“For a writing life to flourish, your mind has to go outwards.” —Richard Ford
As I dip my toes slowly back into the poetry, I find myself pondering why I stopped writing and more importantly what is it that allows a writing life to flourish. Discipline is the first and perhaps automatic answer any practicing writer will give. There is truth to this, but for me it wasn’t just about discipline. Even if I set aside time to write every day...I would just spend the time stuck. We have all been there. This writer’s block has been pervasive over the past several years. I asked myself over and over what could I do. Maybe I needed to work on my motivation? Maybe I had no more poems left in me. Maybe I just needed that inspiration. A visit from the muses.
I was challenged in March, by a fellow poet and friend, to enter a contest. As it was the day of the contest there was no time to write something new. Additionally, I had to submit had to be an audio recording of the poem, which was nerve wracking. I prefer pen to paper for a reason. Her invitation to submit something however awakened a fledging growth within me. As I rifled through some recent work, asking them which one wanted the voice, which one wanted to be heard, the poem chose me.
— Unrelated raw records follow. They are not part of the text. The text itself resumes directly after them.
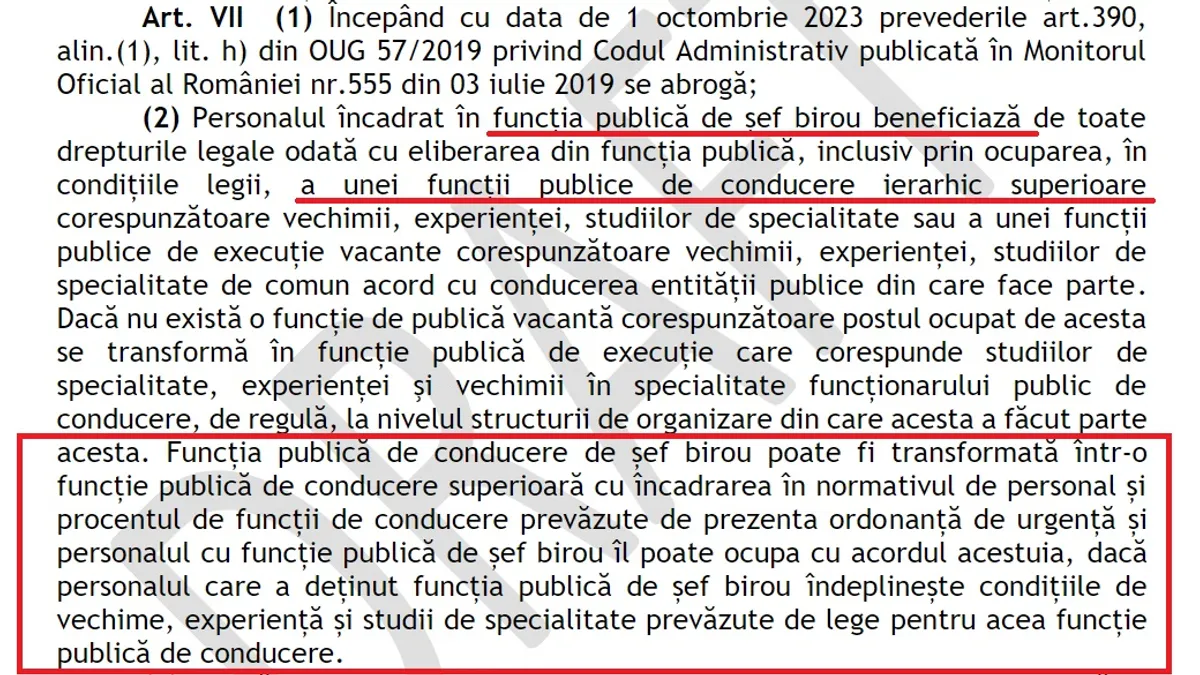 Astfel, la articolul VII (2), se menționează că "personalul încadrat în funcția publică de șef birou beneficiază de toate drepturile legale odată cu eliberarea din funcția publică, inclusiv prin ocuparea, în condițiile legii, a unei funcții publice de conducere ierarhic superioare corespunzătoare vechimii, experienței, studiilor de specialitate sau a unei funcții publice de execuție vacante corespunzătoare vechimii, experienței, studiilor de specialitate de comun acord cu conducerea entității publice din care face parte".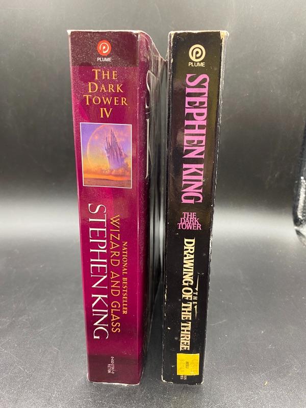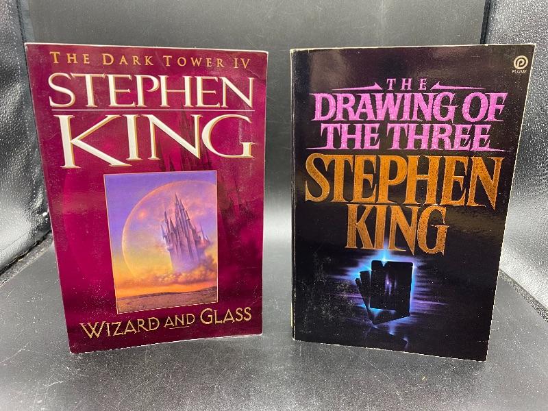 Books II and IV from Stephen Kings The Dark Tower series. Book II is The Drawing of the Three and book IV is Wizard and Glass. Both are soft cover, previously read condition.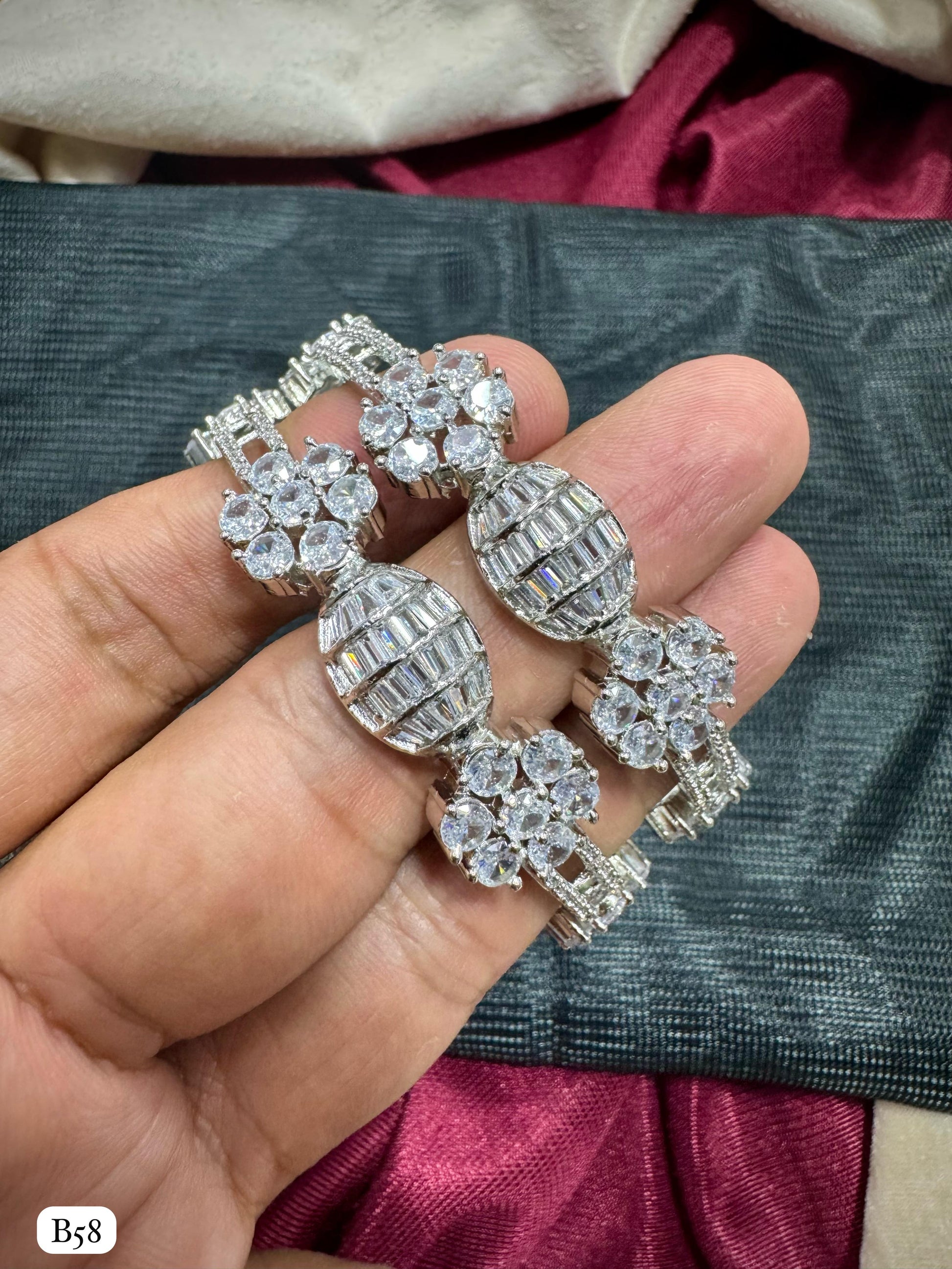 Enhance your outfit with our elegant Silver Plated American Diamond Bangles. Made with high quality silver plating and sparkling American diamonds, these bangles exude sophistication and luxury. Add a touch of glamour to any occasion with these beautiful bangles.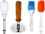 Courtesy of this versatile combo, this kitchen tool set includes a brush, masher, spatula, and whisk. This set provides an array of essential kitchen tools suitable for various culinary tasks. The inclusion of these kitchen essentials ensures efficiency and convenience in various cooking tasks.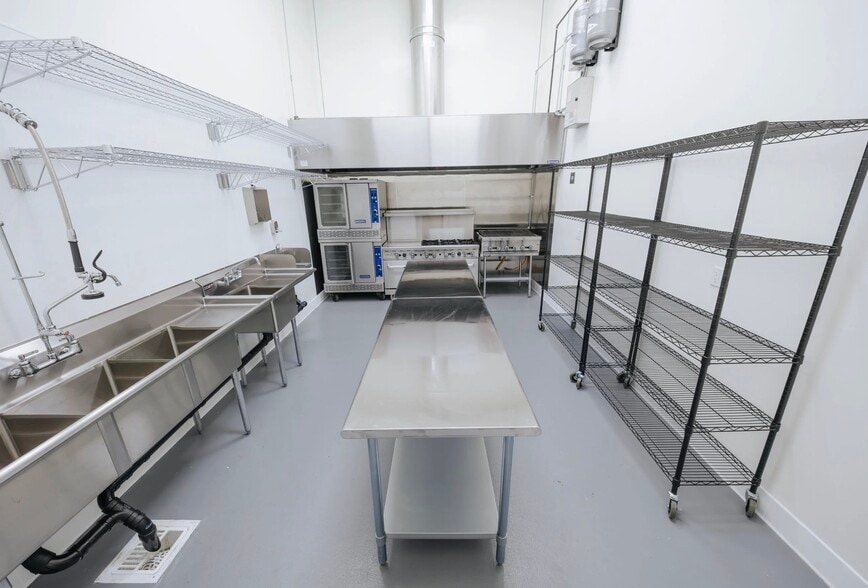 This private commercial kitchen is fully equipped and ready for serious culinary production, making it the perfect launchpad for your food business. These private kitchen suites offer an estimated 240 sq/ft of fully licensed, flexible production space. Each unit is designed for efficiency, with dedicated prep areas, sinks, storage, and optional cooking equipment. Perfect for growing businesses that need space to operate independently while staying connected to a larger culinary facility. Inside, you’ll find essential tools for efficiency and compliance, including a 3-compartment sink, prep sink, and hand sink. Two large stainless steel work tables provide ample prep space, while multiple shelving units help keep ingredients and tools organized. The kitchen also features a powerful hood system, a 6-burner stove, oven, and reliable electrical access with multiple 110/20-amp outlets. Whether you’re preparing meals for delivery, launching a catering concept, or experimenting with recipes for your next big product, this kitchen offers everything you need to hit the ground running in a professional, health-compliant space. Utilities are included with your rental, covering electricity, water, gas (in hot kitchens), and waste disposal. Each kitchen comes equipped with multiple outlets, full plumbing for sinks, and climate control. Trash and recycling services are also provided, so you can focus on your business without extra utility bills. Each kitchen includes 24/7 secure access so you can work on your schedule. Entry is controlled by key code or fob for added safety and convenience. Loading areas and parking are also available for easy deliveries and prep. These kitchens are ideal for cold prep, hot food production, baking, catering, and delivery-based businesses. Whether you’re launching a new brand or scaling up, the space is designed to support a wide range of food operations. Each kitchen includes shelving and prep space, with additional dry, cold, and freezer storage available as needed. Walk-in and reach-in options make it easy to store ingredients, supplies, or finished products. Flexible storage plans let you scale up as your business grows. Private Kitchens- Perfect for prep, cooking, baking, or production Cold Prep Kitchens start at $2,850/month Hot Prep Kitchens (with hood and cook line) start at $3,250/month Specialty Kitchens (Bakery, Dairy, High-Capacity) range from $2,550–$13,000/month Utilities & Maintenance: $850–$2,800/month Lease Terms: 6 or 12 months Security Deposit: Equal to one month’s rent Optional Equipment Rentals- Add-on commercial appliances to meet your needs Stove, Griddle, Fryer, Convection Oven: from $250/month Reach-in or Walk-in Fridge/Freezer: from $250/month Dry Storage: $9 per linear foot/month

This poem was bolder than some others. Vulnerable. It was about a man, presumably homeless, showering during rush hour on a busy D.C. expressway. The first reaction I received from some close friends I shared it with was, “Did this really happen?” Although this situation was more striking and unusual and uncomfortable than most...I realized that how much of the world do I miss when I am only looking inward. What other moments, poetic or not, are there inviting me in to experience humanity more fully?
As writer this outward gaze is what brings life to our work. Our poems, stories, essays...what if we made others the subject. Would it breathe a fresh breath of spring into our work? This April, I challenge you to look outwards. Perhaps then the pen will come to life again.